DATA FOR REVIEW Start Marker

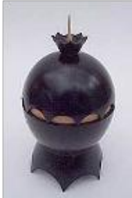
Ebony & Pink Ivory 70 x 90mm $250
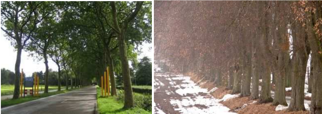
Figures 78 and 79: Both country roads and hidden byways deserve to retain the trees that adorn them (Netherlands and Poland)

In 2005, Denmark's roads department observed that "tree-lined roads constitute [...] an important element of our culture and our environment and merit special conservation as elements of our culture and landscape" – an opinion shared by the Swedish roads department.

DATA FOR REVIEW End Marker
DATA FOR REVIEW Start Marker

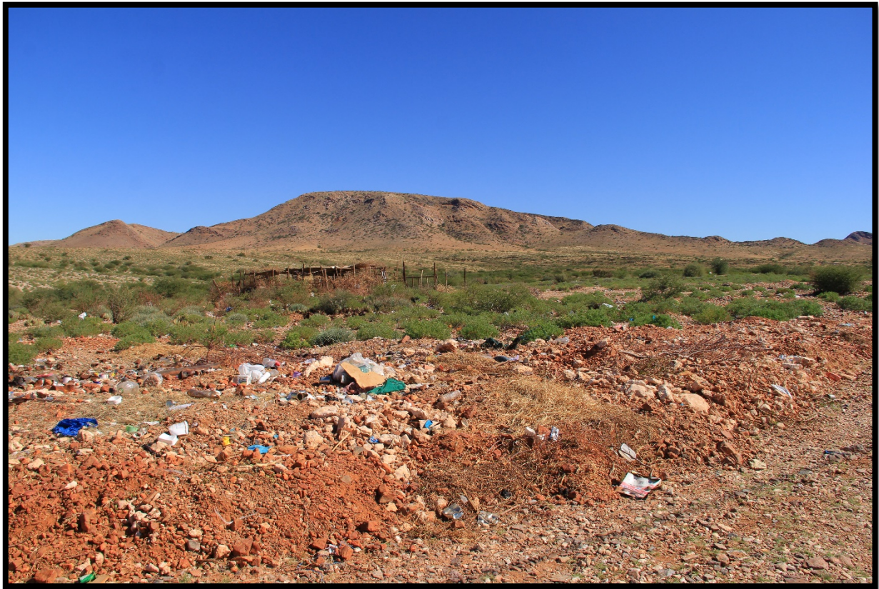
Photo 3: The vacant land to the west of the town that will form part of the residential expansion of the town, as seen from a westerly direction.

DATA FOR REVIEW End Marker

**ABOUT THIS TASK**
Everything between and including the line above containing "Ebony & Pink Ivory 70 x 90mm $250" and the line containing "Figures 78 and" should be reproduced exactly, with pictures excluded.

**TASK OUTPUT**
Ebony & Pink Ivory 70 x 90mm $250
Figures 78 and 79: Both country roads and hidden byways deserve to retain the trees that adorn them (Netherlands and Poland)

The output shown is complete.